─── RECORD EXCERPTS ───

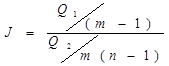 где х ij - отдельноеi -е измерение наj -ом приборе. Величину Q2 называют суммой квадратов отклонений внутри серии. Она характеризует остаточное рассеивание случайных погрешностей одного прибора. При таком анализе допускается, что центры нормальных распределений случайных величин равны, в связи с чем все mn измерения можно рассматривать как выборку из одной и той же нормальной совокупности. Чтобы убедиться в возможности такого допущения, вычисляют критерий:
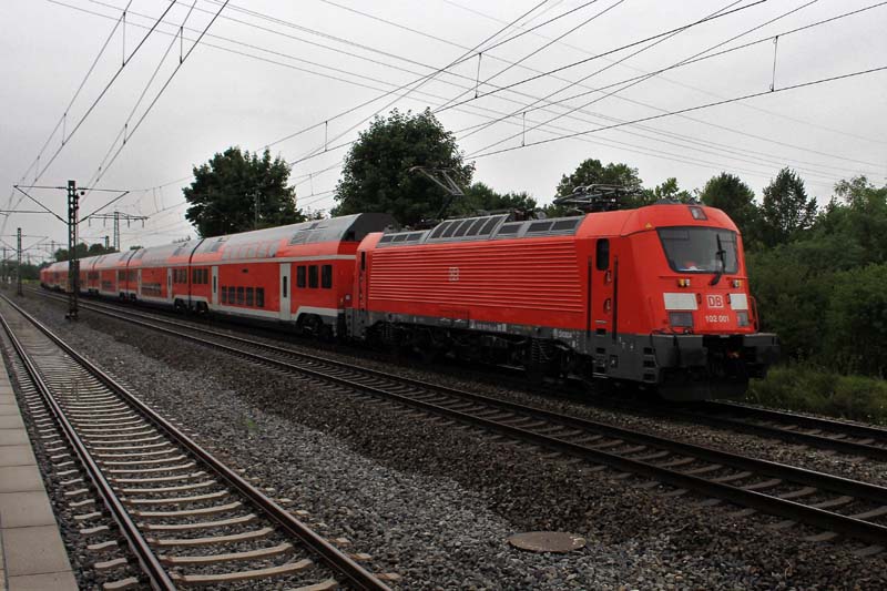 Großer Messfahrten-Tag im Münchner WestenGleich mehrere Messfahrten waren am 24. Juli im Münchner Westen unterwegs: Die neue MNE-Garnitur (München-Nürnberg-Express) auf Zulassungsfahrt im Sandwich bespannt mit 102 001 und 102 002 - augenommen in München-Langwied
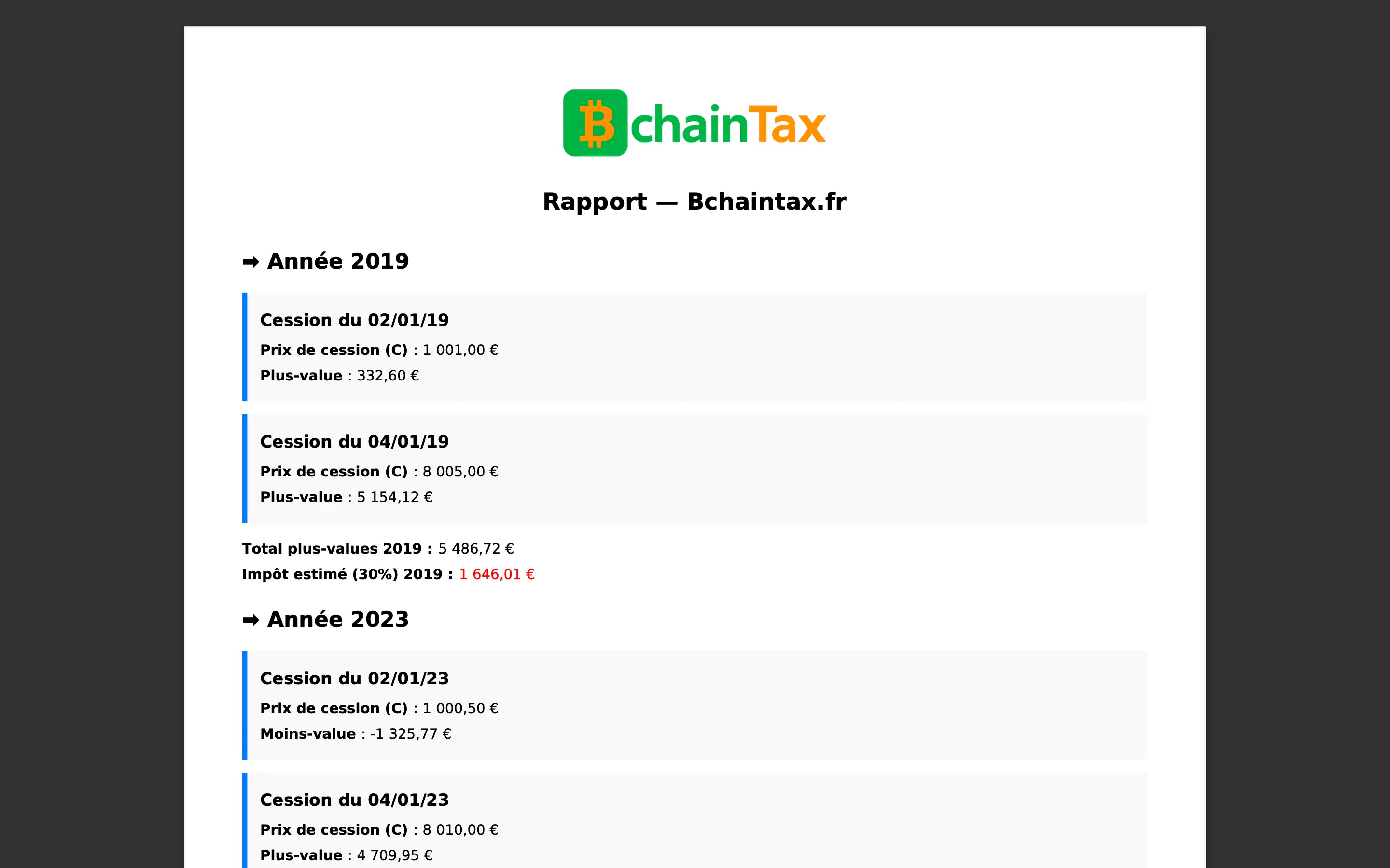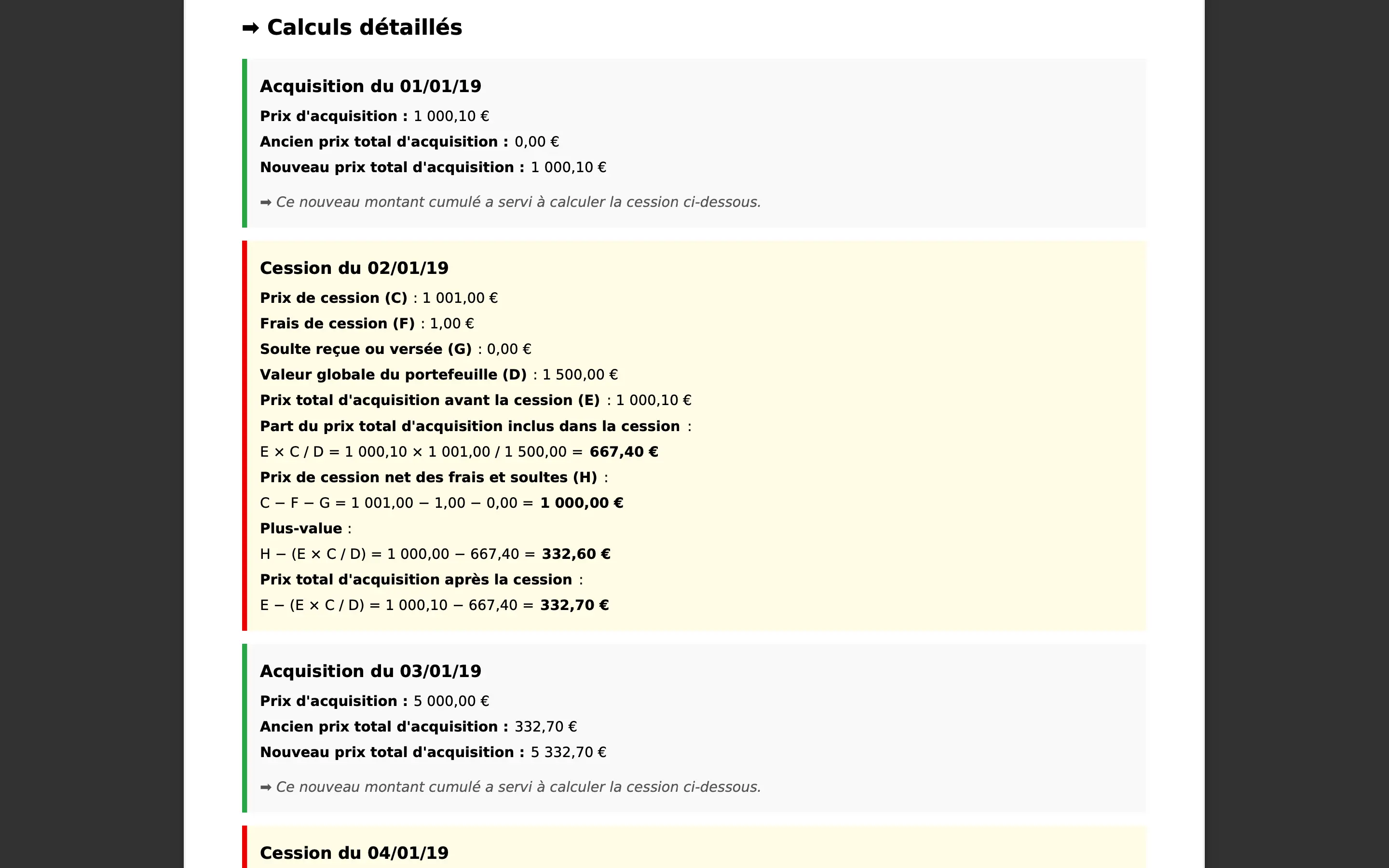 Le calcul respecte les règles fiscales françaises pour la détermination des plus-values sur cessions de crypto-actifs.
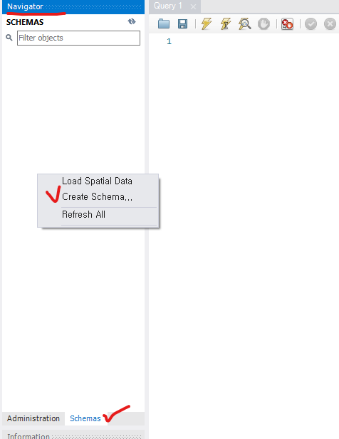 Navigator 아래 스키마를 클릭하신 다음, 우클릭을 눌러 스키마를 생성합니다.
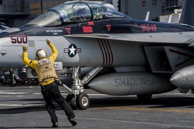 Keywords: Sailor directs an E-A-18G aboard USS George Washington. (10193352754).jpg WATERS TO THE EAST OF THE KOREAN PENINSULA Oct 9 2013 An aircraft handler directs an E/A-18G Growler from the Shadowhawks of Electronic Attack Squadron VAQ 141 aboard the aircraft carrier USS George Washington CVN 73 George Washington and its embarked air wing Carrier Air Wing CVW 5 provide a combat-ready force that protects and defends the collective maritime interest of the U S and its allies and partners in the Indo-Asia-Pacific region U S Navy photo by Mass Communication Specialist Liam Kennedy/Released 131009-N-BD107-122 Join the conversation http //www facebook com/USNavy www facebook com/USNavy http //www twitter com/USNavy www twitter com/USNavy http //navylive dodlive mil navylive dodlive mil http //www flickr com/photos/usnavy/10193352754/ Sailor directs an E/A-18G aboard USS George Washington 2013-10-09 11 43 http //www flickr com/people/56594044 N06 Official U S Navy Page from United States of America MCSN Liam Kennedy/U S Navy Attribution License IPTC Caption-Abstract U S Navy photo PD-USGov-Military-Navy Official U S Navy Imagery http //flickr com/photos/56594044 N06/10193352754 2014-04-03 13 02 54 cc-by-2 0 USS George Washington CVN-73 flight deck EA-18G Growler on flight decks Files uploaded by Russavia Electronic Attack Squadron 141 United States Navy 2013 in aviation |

───

▶ [EXERCISE AIM] Would you retype the material exactly, omitting each picture?

▶ [SOLUTION]
 где х ij - отдельноеi -е измерение наj -ом приборе. Величину Q2 называют суммой квадратов отклонений внутри серии. Она характеризует остаточное рассеивание случайных погрешностей одного прибора. При таком анализе допускается, что центры нормальных распределений случайных величин равны, в связи с чем все mn измерения можно рассматривать как выборку из одной и той же нормальной совокупности. Чтобы убедиться в возможности такого допущения, вычисляют критерий:
 Großer Messfahrten-Tag im Münchner WestenGleich mehrere Messfahrten waren am 24. Juli im Münchner Westen unterwegs: Die neue MNE-Garnitur (München-Nürnberg-Express) auf Zulassungsfahrt im Sandwich bespannt mit 102 001 und 102 002 - augenommen in München-Langwied
 Le calcul respecte les règles fiscales françaises pour la détermination des plus-values sur cessions de crypto-actifs.
 Navigator 아래 스키마를 클릭하신 다음, 우클릭을 눌러 스키마를 생성합니다.
 Keywords: Sailor directs an E-A-18G aboard USS George Washington. (10193352754).jpg WATERS TO THE EAST OF THE KOREAN PENINSULA Oct 9 2013 An aircraft handler directs an E/A-18G Growler from the Shadowhawks of Electronic Attack Squadron VAQ 141 aboard the aircraft carrier USS George Washington CVN 73 George Washington and its embarked air wing Carrier Air Wing CVW 5 provide a combat-ready force that protects and defends the collective maritime interest of the U S and its allies and partners in the Indo-Asia-Pacific region U S Navy photo by Mass Communication Specialist Liam Kennedy/Released 131009-N-BD107-122 Join the conversation http //www facebook com/USNavy www facebook com/USNavy http //www twitter com/USNavy www twitter com/USNavy http //navylive dodlive mil navylive dodlive mil http //www flickr com/photos/usnavy/10193352754/ Sailor directs an E/A-18G aboard USS George Washington 2013-10-09 11 43 http //www flickr com/people/56594044 N06 Official U S Navy Page from United States of America MCSN Liam Kennedy/U S Navy Attribution License IPTC Caption-Abstract U S Navy photo PD-USGov-Military-Navy Official U S Navy Imagery http //flickr com/photos/56594044 N06/10193352754 2014-04-03 13 02 54 cc-by-2 0 USS George Washington CVN-73 flight deck EA-18G Growler on flight decks Files uploaded by Russavia Electronic Attack Squadron 141 United States Navy 2013 in aviation |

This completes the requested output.